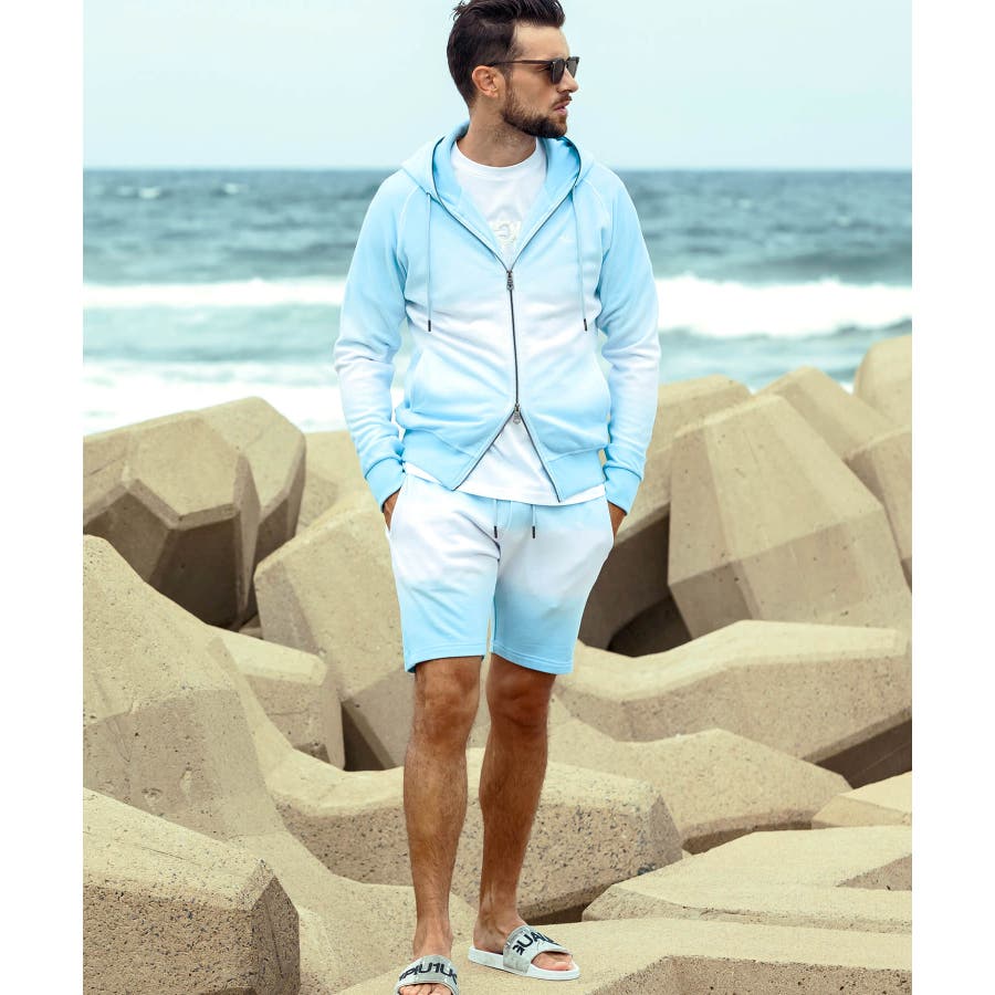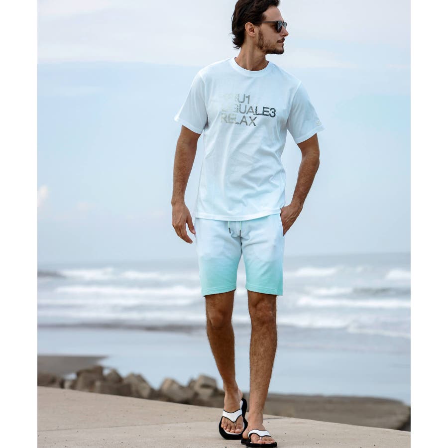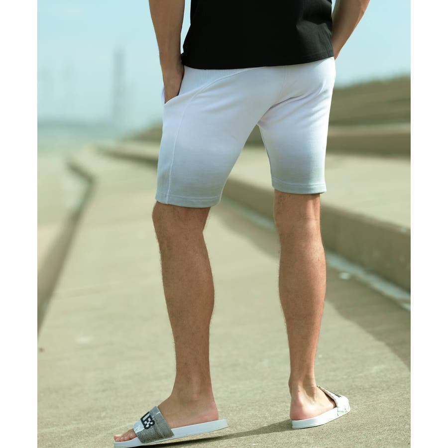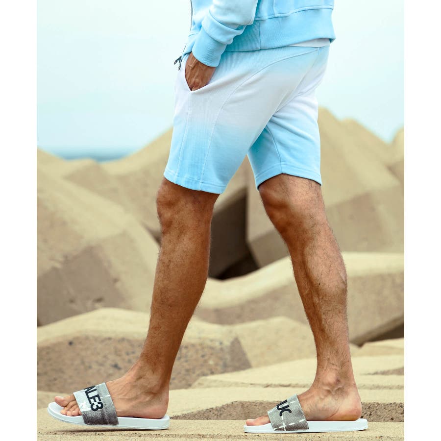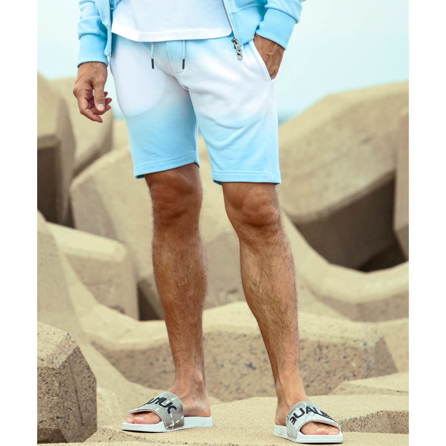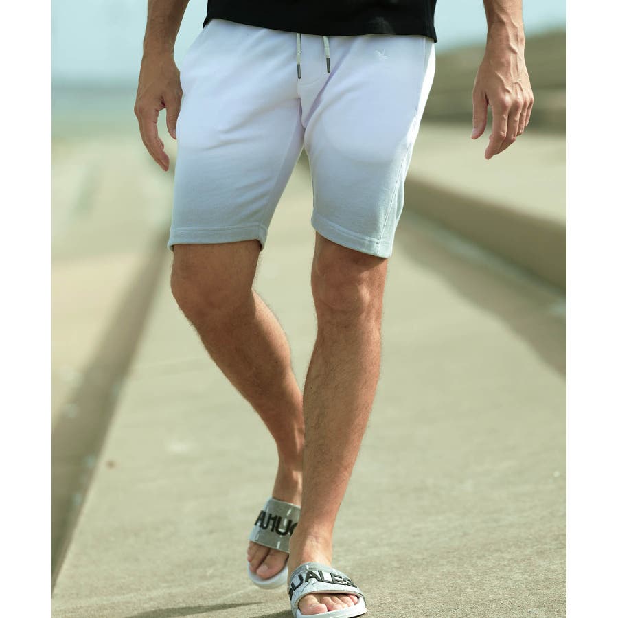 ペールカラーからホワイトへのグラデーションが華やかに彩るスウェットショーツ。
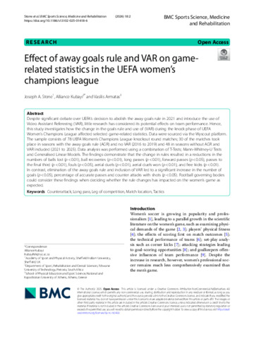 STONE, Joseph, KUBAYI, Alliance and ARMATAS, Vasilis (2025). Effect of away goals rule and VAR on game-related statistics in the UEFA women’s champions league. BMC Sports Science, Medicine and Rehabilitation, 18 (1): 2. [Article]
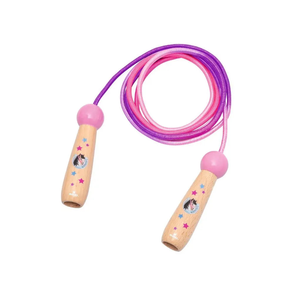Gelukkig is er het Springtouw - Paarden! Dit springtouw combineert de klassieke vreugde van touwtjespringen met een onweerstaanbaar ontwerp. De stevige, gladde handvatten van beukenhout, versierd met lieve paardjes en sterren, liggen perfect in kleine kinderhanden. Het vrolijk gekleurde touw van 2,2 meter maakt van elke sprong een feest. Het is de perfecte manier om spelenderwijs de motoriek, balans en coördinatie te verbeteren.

_Exercise objective_: Leave the pictures out. Otherwise, output the listing above exactly.

_Answer to the problem_:
 ペールカラーからホワイトへのグラデーションが華やかに彩るスウェットショーツ。
 STONE, Joseph, KUBAYI, Alliance and ARMATAS, Vasilis (2025). Effect of away goals rule and VAR on game-related statistics in the UEFA women’s champions league. BMC Sports Science, Medicine and Rehabilitation, 18 (1): 2. [Article]
Gelukkig is er het Springtouw - Paarden! Dit springtouw combineert de klassieke vreugde van touwtjespringen met een onweerstaanbaar ontwerp. De stevige, gladde handvatten van beukenhout, versierd met lieve paardjes en sterren, liggen perfect in kleine kinderhanden. Het vrolijk gekleurde touw van 2,2 meter maakt van elke sprong een feest. Het is de perfecte manier om spelenderwijs de motoriek, balans en coördinatie te verbeteren.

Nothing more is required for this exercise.